§ Exercise
Once the line containing "Luftig-zarte Schaumzucker-Kühe mit" is reached, copy it and every line after it exactly, to the end of the material, without pictures.

§ Raw data
====
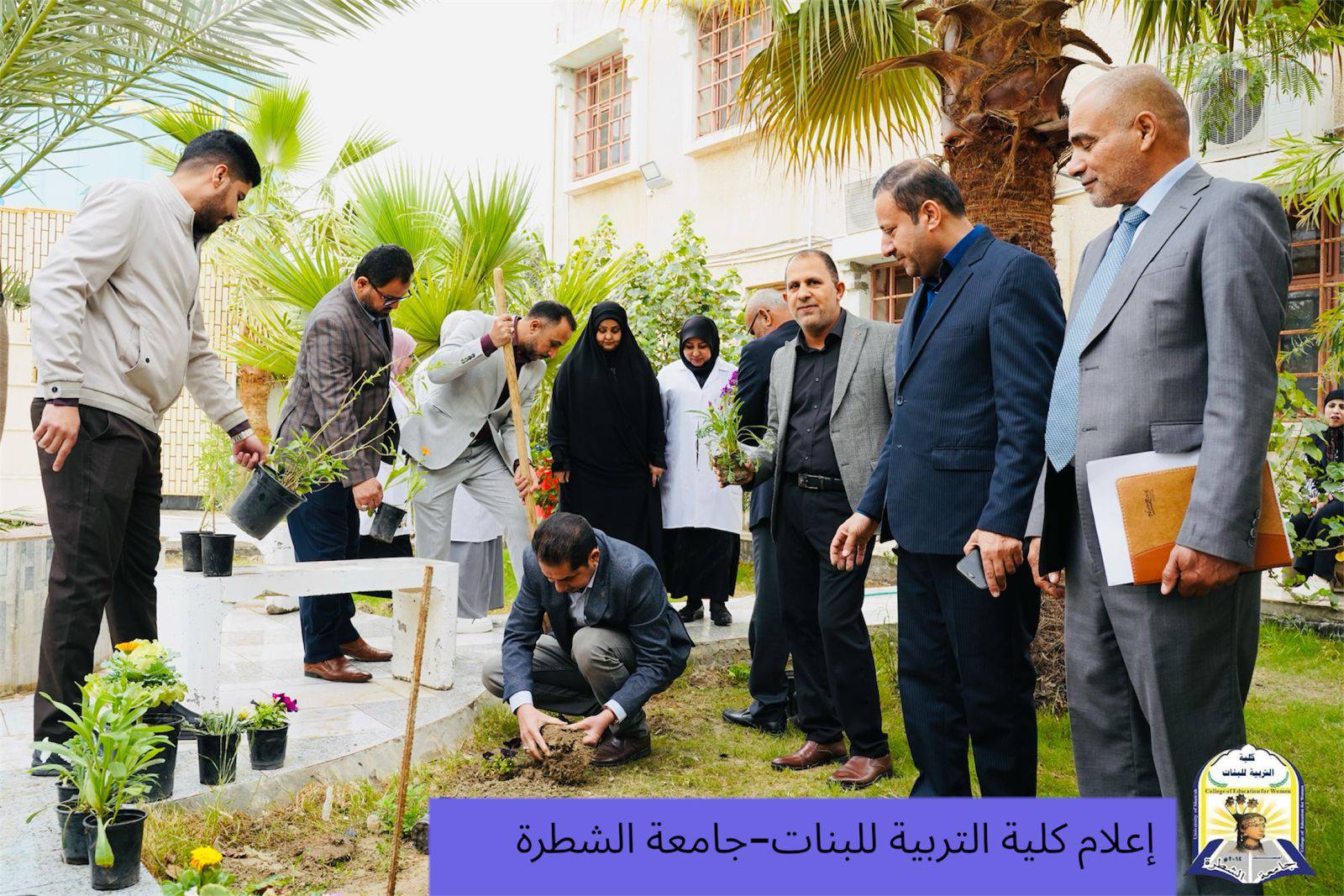 كلية التربية للبنات في جامعة الشطرة تقيم فعاليات اليوم الوطني للتشجير.
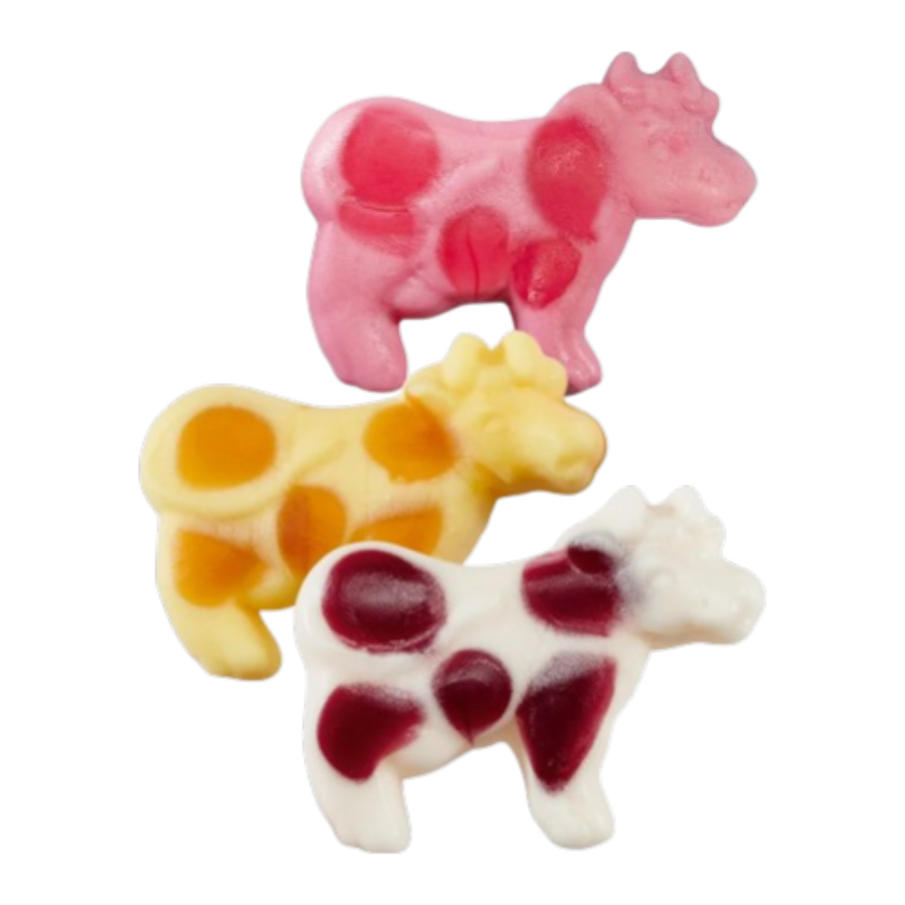 Luftig-zarte Schaumzucker-Kühe mit einer perfekten Balance zwischen süßer Leichtigkeit und cremigem Milchgeschmack. Die verschiedenen natürlichen Aromen sorgen für ein abwechslungsreiches Genusserlebnis mit authentischen Fruchtgeschmäckern.
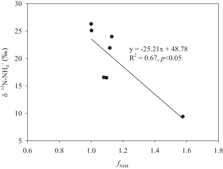 Linear relationship between δ15N-NH4+ and fNH4 in the upper bay.
====
§ Written reply
 Luftig-zarte Schaumzucker-Kühe mit einer perfekten Balance zwischen süßer Leichtigkeit und cremigem Milchgeschmack. Die verschiedenen natürlichen Aromen sorgen für ein abwechslungsreiches Genusserlebnis mit authentischen Fruchtgeschmäckern.
 Linear relationship between δ15N-NH4+ and fNH4 in the upper bay.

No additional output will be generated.